## What you need to do
Below are records with pictures in them. Output exactly the lines from the one with "Larissa Magrisso rodeada" through the one with "こうした経緯に照らすと、やは", both included, and leave every picture out; give only those lines.
*** Opening of Input data ***
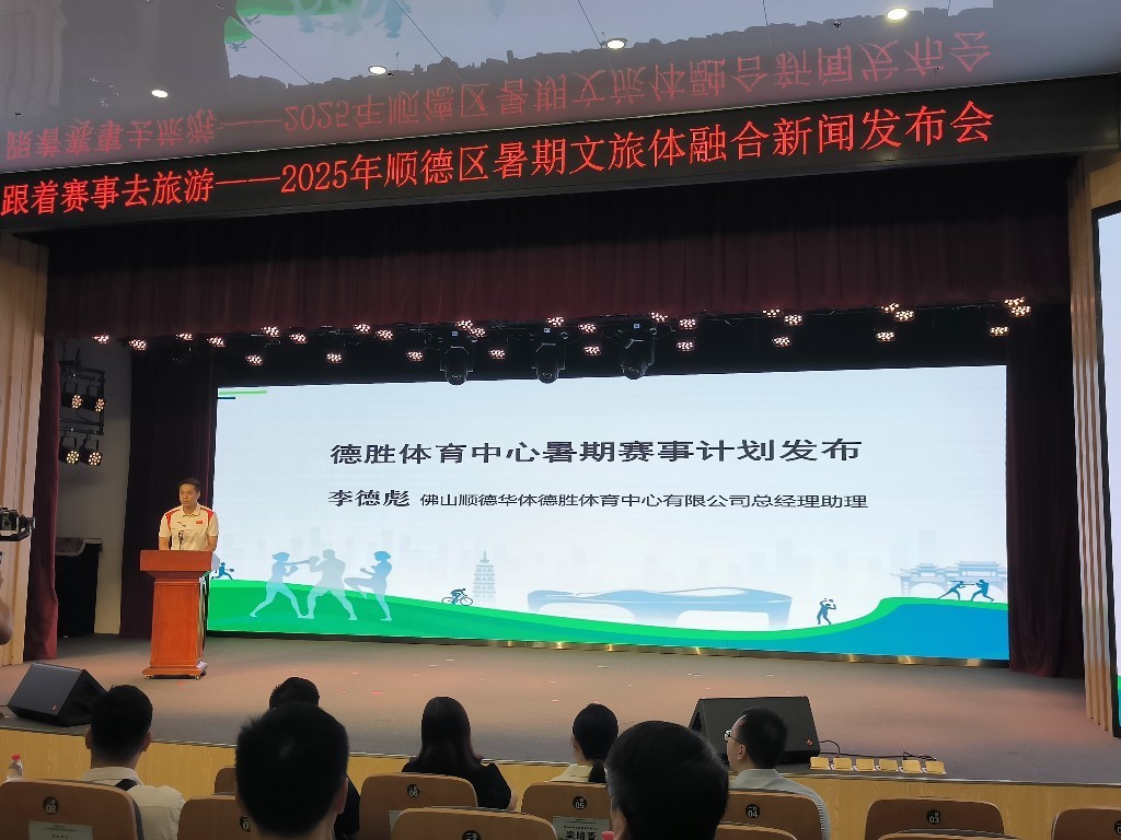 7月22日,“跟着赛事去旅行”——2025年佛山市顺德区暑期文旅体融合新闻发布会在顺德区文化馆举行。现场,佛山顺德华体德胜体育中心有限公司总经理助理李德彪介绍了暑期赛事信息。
*** Close of Input data ***
*** Opening of Input data ***
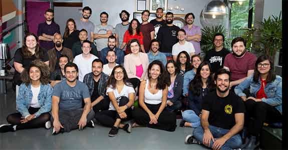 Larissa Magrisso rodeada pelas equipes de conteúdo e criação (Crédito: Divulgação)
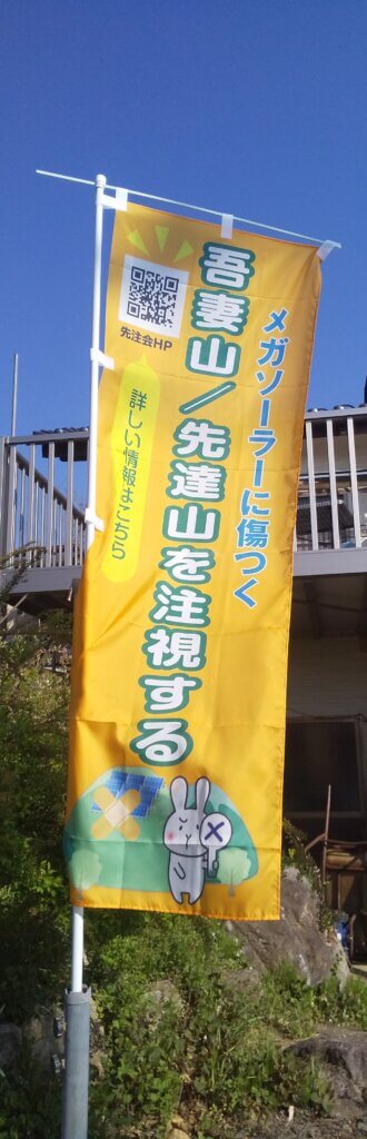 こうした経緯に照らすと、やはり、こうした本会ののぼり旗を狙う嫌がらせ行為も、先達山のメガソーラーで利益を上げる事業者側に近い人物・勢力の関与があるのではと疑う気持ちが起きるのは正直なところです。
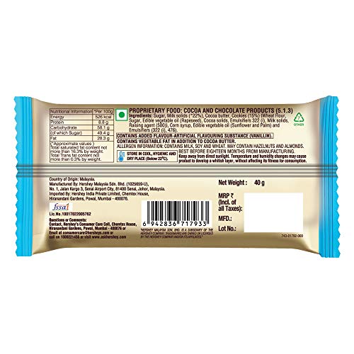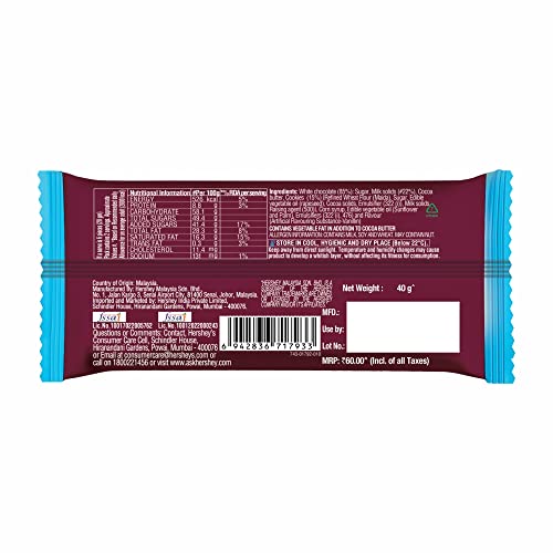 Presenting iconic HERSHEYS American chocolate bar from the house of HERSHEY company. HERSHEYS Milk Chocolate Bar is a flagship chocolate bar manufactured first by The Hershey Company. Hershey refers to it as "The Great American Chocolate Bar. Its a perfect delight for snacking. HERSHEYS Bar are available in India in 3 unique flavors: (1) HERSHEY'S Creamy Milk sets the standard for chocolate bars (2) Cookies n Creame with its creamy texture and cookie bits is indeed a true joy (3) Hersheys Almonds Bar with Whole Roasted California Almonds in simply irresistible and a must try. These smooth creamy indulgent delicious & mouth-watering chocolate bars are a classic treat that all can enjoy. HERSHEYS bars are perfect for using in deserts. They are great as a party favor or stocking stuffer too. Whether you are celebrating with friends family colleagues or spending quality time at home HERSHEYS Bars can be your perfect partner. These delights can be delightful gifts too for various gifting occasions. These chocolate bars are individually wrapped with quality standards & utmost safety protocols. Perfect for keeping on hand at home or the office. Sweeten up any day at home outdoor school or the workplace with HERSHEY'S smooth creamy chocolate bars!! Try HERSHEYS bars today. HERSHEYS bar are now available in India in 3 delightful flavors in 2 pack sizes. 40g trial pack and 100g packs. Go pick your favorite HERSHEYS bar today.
*** Close of Input data ***
## Answer to this exercise
 Larissa Magrisso rodeada pelas equipes de conteúdo e criação (Crédito: Divulgação)
 こうした経緯に照らすと、やはり、こうした本会ののぼり旗を狙う嫌がらせ行為も、先達山のメガソーラーで利益を上げる事業者側に近い人物・勢力の関与があるのではと疑う気持ちが起きるのは正直なところです。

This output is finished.